# Nord gets hacked

## seankelly

So nord got hacked. What are your thoughts, and what are the alternatives. My suggestions purevpn or express

----------

## UberLord

https://privacy.net/best-vpn-services/

----------

## Tony0945

I noticed during the period that I was banned, that I could not access the wiki through Torguard. I could read google's cache of wiki articles. So Gentoo.org could identify me. I still use Torguard, but now that my ban period is over I can access the wiki through Torguard. Obviously Gentoo servers can identify me whether I use Torguard or not.  But my bank can't. Every time I access my bank's website through Torguard I need additional logon identification. This does not occur when using my ISP's assigned IP address.

----------

## Hu

The other possibility is that the Wiki's ban list for Tor nodes is incomplete, so your success or failure depended on which Tor node you happened to exit from.

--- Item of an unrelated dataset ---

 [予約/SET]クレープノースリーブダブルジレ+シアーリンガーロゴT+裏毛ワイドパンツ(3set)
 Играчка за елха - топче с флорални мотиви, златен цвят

It's also possible that your bank is able to recognize you, but considers Tor to be so suspicious that they insist on an extra round of validation, since it would be very useful to a criminal who wants to impersonate you and avoid being readily traced.

----------

## Ant P.

My suggestion is to pay attention to the business practices and history of who you decide to give all your internet traffic to. You'll find a lot of these commercial V"P"Ns leave you with more questions than answers under even the most basic scrutiny.

----------

## Tony0945

 *Hu wrote:*   

> The other possibility is that the Wiki's ban list for Tor nodes is incomplete, so your success or failure depended on which Tor node you happened to exit from.
> 
> It's also possible that your bank is able to recognize you, but considers Tor to be so suspicious that they insist on an extra round of validation, since it would be very useful to a criminal who wants to impersonate you and avoid being readily traced.

 

Both are good points.   

So the wiki bans Tor?  Should I access the forum and wiki, in the clear? I do want to be a good netizen.

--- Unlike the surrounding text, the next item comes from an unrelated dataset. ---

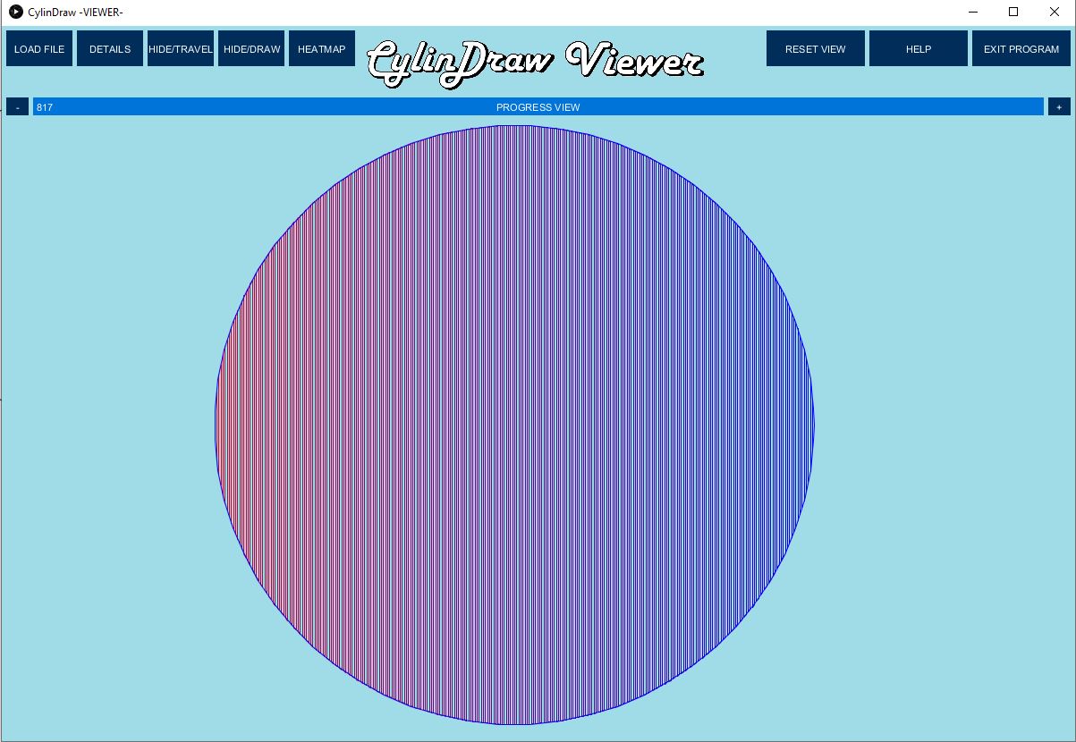 Here I’ve illustrated the tool path of a hatched circle and I set the line color to linearly change from red to blue as the drawing progresses for visualization purposes. It looks exactly how you would expect.
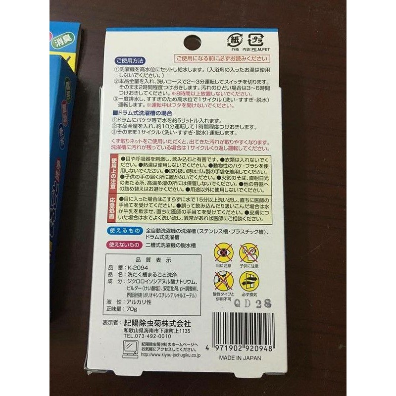 Gói tẩy vệ sinh lồng máy giặt 70g Trọng lượng: 70g Hàng nhập khẩu: Nhật Bản Công dụng: làm sạch vết bẩn bám trên lồng máy giặt Bảo quản: tránh ánh nắng trực tiếp

I usually use Tor because my ISP falsely accused me of violating the DMCA. When I finally got written details, I found that Disney was accusing me of downloading kids movies and the reported IP address hadn't been mine for many years. Apparently my ISP uses DHCP to assign addresses instead of assigning by MAC address. MAC address is only used for verification of service. If I shut my router down for one or two days, I get the same ip, but if I shutdown for a week or more (ie on vacation) I get a new ip address. Anyway, I signed up with Torguard at that time. Perhaps fuzzy thinking but I dislike being tracked and falsely accused of piracy. So I hide like I was a pirate to avoid the false claim. I also started worrying about the US government tracking my political activity. This is no longer a free country.

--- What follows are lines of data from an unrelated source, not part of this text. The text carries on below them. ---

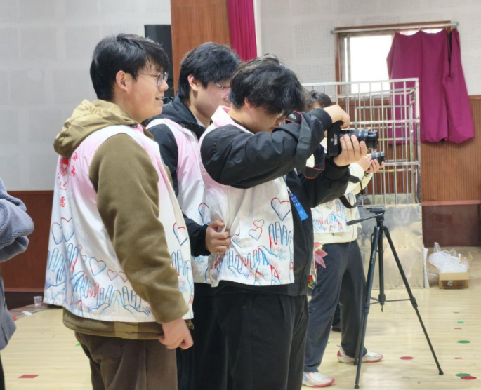 虽然没有专业的化妆造型,同学们就帮老人整理衣领、梳理头发。拍摄过程中,志愿者们耐心引导老人放松互动,捕捉“执手相看”的温情瞬间。从搀扶陪伴到帮忙调整姿势,从逗老人开心到细心整理衣角,同学们用真诚的服务赢得老人们的连连称赞。
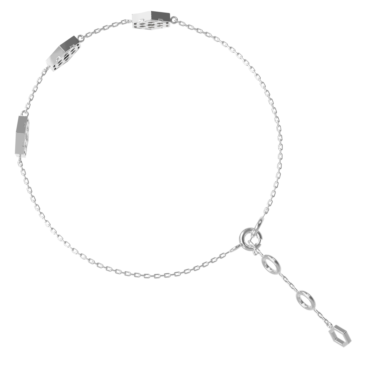 Элегантный и лаконичный браслет из белого золота 585 пробы — это воплощение современной геометрии в ювелирном искусстве. Дизайн Молекула делает это украшение по-настоящему особенным, превращая привычный аксессуар в значимый стилевой акцент. Центральным элементом композиции стали вставки в форме шестигранника, которые придают изделию четкость линий и изысканную строгость.
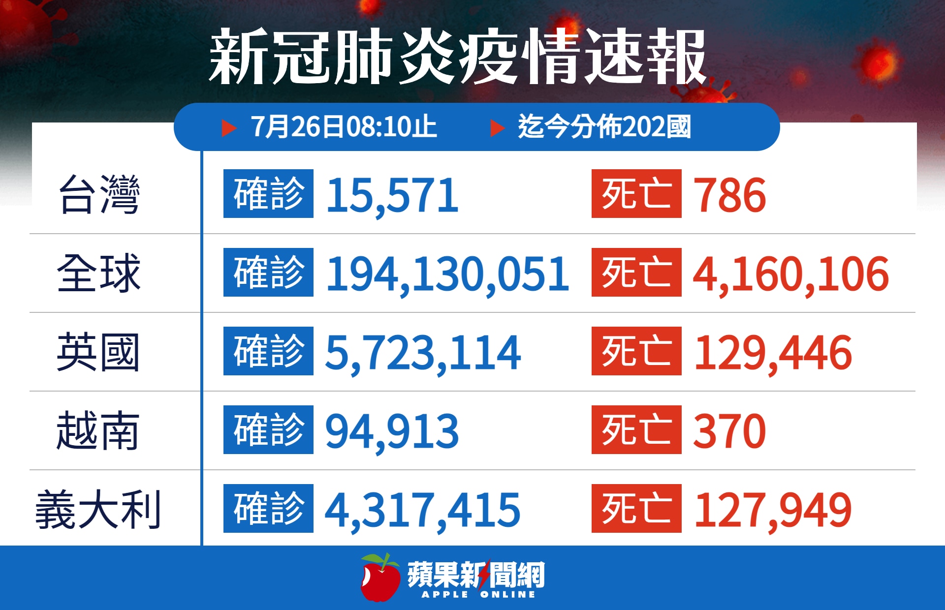 新型冠狀病毒肺炎(COVID-19)疫情於2019年底自中國武漢爆發後,延燒全球迄今(7/26)已造成超過1億9413萬人染疫,逾416萬人死亡。
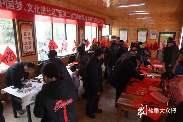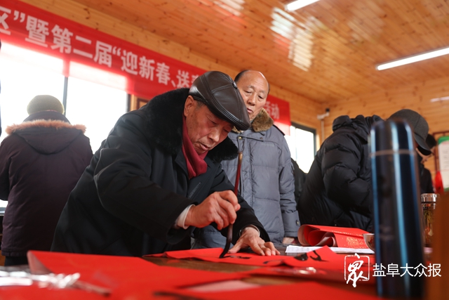 春节是中华民族最隆重的传统佳节,在临近春节时,广大居民都在家中张贴春联,象征一种祈求来年福运的美好心愿。为营造社区欢乐祥和的春节氛围,1月17日下午,亭湖区五星街道盐南社区开展“迎新春、送春联”书画笔会活动,把浓浓的年味和新春祝福送给社区居民。安东/摄

Regarding the second point, I used to take my wife's laptop with me in case I needed to contact my broker while traveling. That was before I found out that i should not be doing financial transactions through MacDonald's and Hotel wireless. That seems to be a leading reason for VPN's.

----------

## Hu

I don't know if the wiki bans Tor, but it might.  Typically, Tor bans are levied because users hiding behind Tor are causing more trouble than there is perceived value in allowing legitimate Tor users to participate.  If you want to use a service and it does not ban Tor, then it's your choice whether to use Tor with it or not.  Using Tor, or not, doesn't impact the server's load measurably.

I don't think the VPN will protect you from bogus DMCA complaints, since by definition they're not actually checking your traffic.

----------

## redblade7

I'm a fan of AirVPN.

----------